● YOUR TASK
Keep the images out while you set down the data exactly.

● RAW DATA
+---+

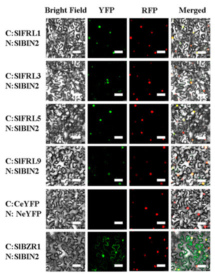 Results of the yeast two-hybrid assay proved that four members, SlFRL1, SlFRL3, SlFRL5, and SlFRL9, can interact with SlBIN2 in vitro. To further investigate whether these four SlFRLs interact with SlBIN2 in vivo, these four SlFRLs and SlBIN2 were constructed in pER8-NeYFP and pER8-CeYFP and after the transformation of Agrobacterium, with the helper strain P19, and pBI121-35S-Nls-DsRed (labeling the nucleus under red fluorescence excitation) strains according to 1:1:1:1. To induce expression, 1 μM β-estradiol was sprayed each day, and after three days, confocal microscopic observation was carried out. According to the results (Figure 3), upon excitation of yellow fluorescence, it can be seen that the combination of SlFRL-NeYFP and SlBIN2-CeYFP has nuclear-like fluorescence. Similarly, the positive controls SlBZR1-NeYFP and SlBIN2 and the combination of CeYFP showed fluorescence in the nucleus and cell membrane. On the other hand, no fluorescence was found in negative controls, which indicated that BIN2 interacts with all four SlFRLs in tobacco leaf epidermal cells. It can also be noticed that under red fluorescence, upon excitation, the combination of SlFRL-NeYFP and SlBIN2-CeYFP appears to demonstrate red fluorescence. It can be seen that the fluorescence is located in the nucleus due to the nuclear localization feature of nuclear localization signals. These results together with the results of the yeast two-hybrid assay demonstrated that these four SlFRLs can interact with SlBIN2 in vitro and in vivo.
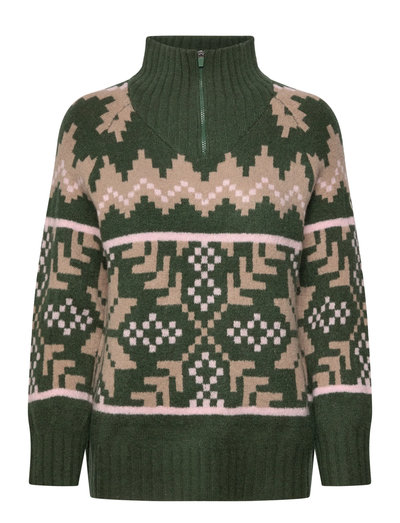 Den här stickade tröjan har ett mönster inspirerat av norra Norge och ger exceptionell värme och komfort. Den ullsyntetiska blandningen är otroligt mjuk, medan de voluminösa ärmarna och den något oversized passformen skapar en mysig känsla. En hög krage, halv dragkedja i halsen och ribbade fållar och muddar fulländar den här garderobsfavoriten.
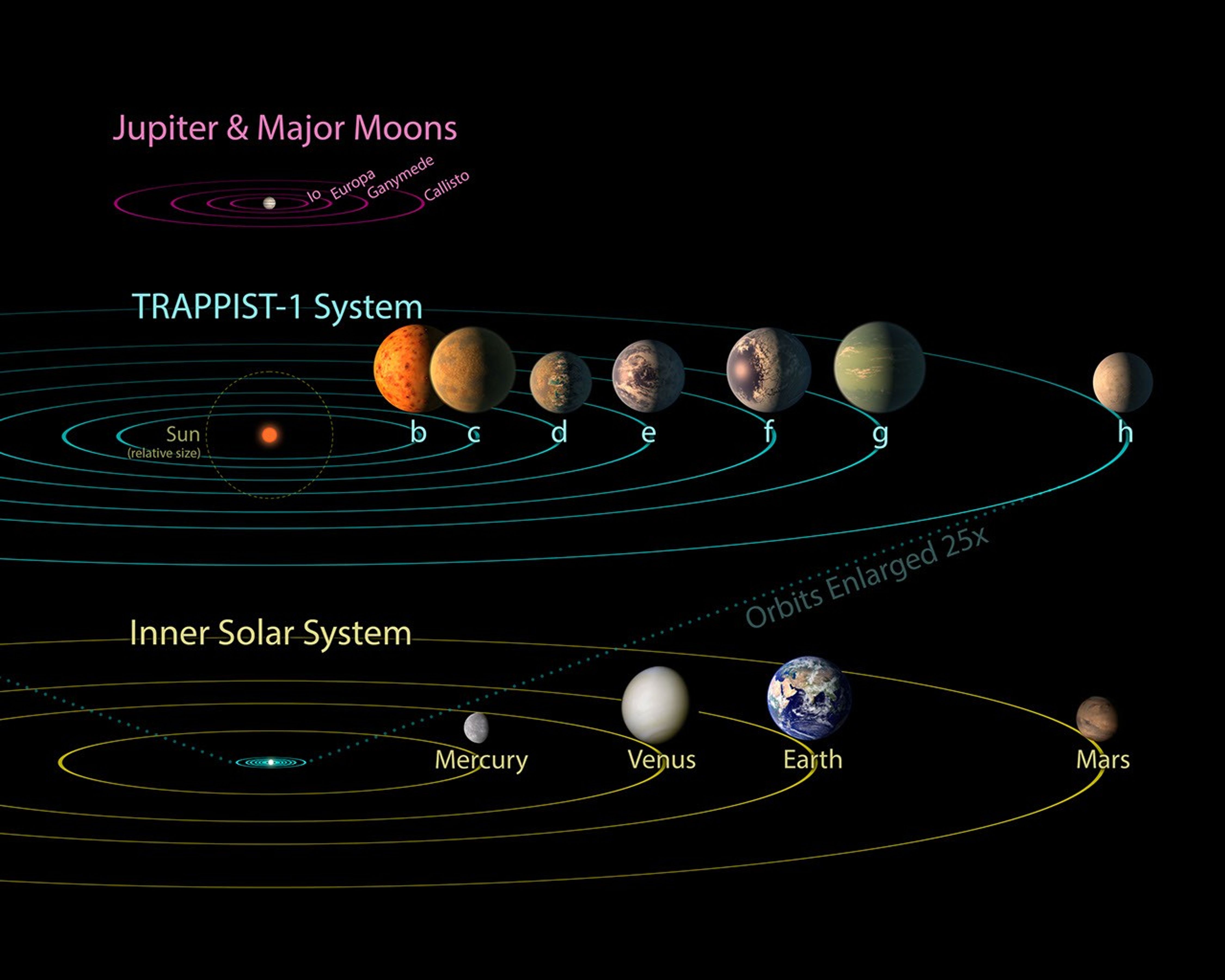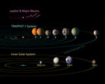 All seven planets discovered in orbit around the red dwarf star TRAPPIST-1 could easily fit inside the orbit of Mercury, the innermost planet of our solar system. In fact, they would have room to spare. TRAPPIST-1 also is only a fraction of the size of our sun; it isn't much larger than Jupiter. So the TRAPPIST-1 system's proportions look more like Jupiter and its moons than those of our solar system.

+---+

● WRITTEN SOLUTION
 Results of the yeast two-hybrid assay proved that four members, SlFRL1, SlFRL3, SlFRL5, and SlFRL9, can interact with SlBIN2 in vitro. To further investigate whether these four SlFRLs interact with SlBIN2 in vivo, these four SlFRLs and SlBIN2 were constructed in pER8-NeYFP and pER8-CeYFP and after the transformation of Agrobacterium, with the helper strain P19, and pBI121-35S-Nls-DsRed (labeling the nucleus under red fluorescence excitation) strains according to 1:1:1:1. To induce expression, 1 μM β-estradiol was sprayed each day, and after three days, confocal microscopic observation was carried out. According to the results (Figure 3), upon excitation of yellow fluorescence, it can be seen that the combination of SlFRL-NeYFP and SlBIN2-CeYFP has nuclear-like fluorescence. Similarly, the positive controls SlBZR1-NeYFP and SlBIN2 and the combination of CeYFP showed fluorescence in the nucleus and cell membrane. On the other hand, no fluorescence was found in negative controls, which indicated that BIN2 interacts with all four SlFRLs in tobacco leaf epidermal cells. It can also be noticed that under red fluorescence, upon excitation, the combination of SlFRL-NeYFP and SlBIN2-CeYFP appears to demonstrate red fluorescence. It can be seen that the fluorescence is located in the nucleus due to the nuclear localization feature of nuclear localization signals. These results together with the results of the yeast two-hybrid assay demonstrated that these four SlFRLs can interact with SlBIN2 in vitro and in vivo.
 Den här stickade tröjan har ett mönster inspirerat av norra Norge och ger exceptionell värme och komfort. Den ullsyntetiska blandningen är otroligt mjuk, medan de voluminösa ärmarna och den något oversized passformen skapar en mysig känsla. En hög krage, halv dragkedja i halsen och ribbade fållar och muddar fulländar den här garderobsfavoriten.
 All seven planets discovered in orbit around the red dwarf star TRAPPIST-1 could easily fit inside the orbit of Mercury, the innermost planet of our solar system. In fact, they would have room to spare. TRAPPIST-1 also is only a fraction of the size of our sun; it isn't much larger than Jupiter. So the TRAPPIST-1 system's proportions look more like Jupiter and its moons than those of our solar system.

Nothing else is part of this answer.